И, странное дело, чем дольше Ольга смотрела на их игру, тем понятнее становилась ей красота девушки. Это была красота, какой прекрасны лошадь и пантера, породистая собака и змея, — красота функциональной гармонии живого существа.

Эта девушка не была человеком, но и в низковатом лбе с клинышком начинающихся от переносицы волос, и в тяжеловатой грации фигуры чувствовалась завершенность формы и замысла природы. А лисичка живым факелом металась перед ней, умильно заглядывая в глаза.

— Это неандертальцы? — спросила Ольга. — Вы хотите, чтобы они заменили нас?

— Мышление неандертальцев не имело социальной направленности, — ответил пришелец. — Они не смогли бы создать цивилизацию. А этому существу в вашем языке нет даже названия. Твои предки истребили их так давно, что даже память о них заглохла в тысячелетиях. Ты видела эту девушку. Неужели считаешь, что она хуже тебя и несправедливо будет, если она займет твое место?

Ольга долго молчала, не отводя взгляда. Синяя жаба давно уже выбралась из махровой розетки и, соединенная с ней тонкой пуповиной, сидела теперь на плече пришельца. Но Ольге уже было не до нее.

— Ты считаешь, будет несправедливо, если она займет твое место?

— Для них, может быть, и справедливо, но ведь я — человек!

— А она — не человек?

— Их нет, а мы уже существуем. Вы упрекаете нас в жестокости, а сами готовы убить нашу цивилизацию. Разве это гуманно? Вот так наскоро, между делом, решать судьбу целой планеты…
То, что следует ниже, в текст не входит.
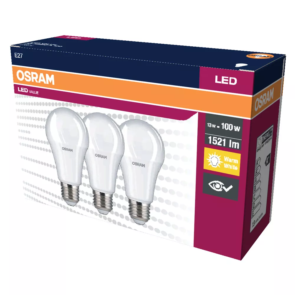 Lampy LED, klasyczny kształt żarówki. Cechy produktu: LED zamienniki tradycyjnych żarówek. Brak możliwości regulacji strumienia świetlnego. Dobre oddawanie barw (Ra ≥ 80) i stabilność braw przez cały czas eksploatacji lampy. Zalety produktu: Niższe zużycie energii w porównaniu do lamp żarowych lub halogenowych. Łatwy montaż zamiast zwykłych żarówek. Obszary zastosowań: Zastosowania domowe. Oświetlenie ogólne. Do użytku na zewnątrz tylko w odpowiednich oprawach zewnętrznych. Porady dotyczące bezpieczeństwa: Nie dotykaj lampy, jeśli jest stłuczona.. Nie wolno używać, jeśli zewnętrzne źródło światła jest uszkodzone..

— А мы не торопимся. Исследования вашей истории еще не закончены. Никто не сможет упрекнуть нас в поспешности выводов. А пока мы устроим вам тест. Для этого я и привел тебя сюда. Мы хотим дать шанс человечеству. Попробуй доказать мне, что человек может договориться с человеком, и мы взглянем на вас по-иному.

Ольге показалось, что она спит, а гротескные фигуры пришельцев и слова, которые звучат в ее голове, всего лишь ночной кошмар, который вот-вот кончится. Но сон не кончался, и ей пришлось примириться с мыслью, что она не спит. То, что она услышала и увидела, было чудовищно. Книги и фильмы о великих и малых войнах всегда оставляли Ольге надежду, что те ужасы, которыми порой они были переполнены, — выдумка. Пусть не полностью, пусть только наполовину. И все равно она не могла представить себе человека, для которого убийство было бы так же обыденно и естественно, как суп к обеду, как подушка в постель, как обувь на ногах.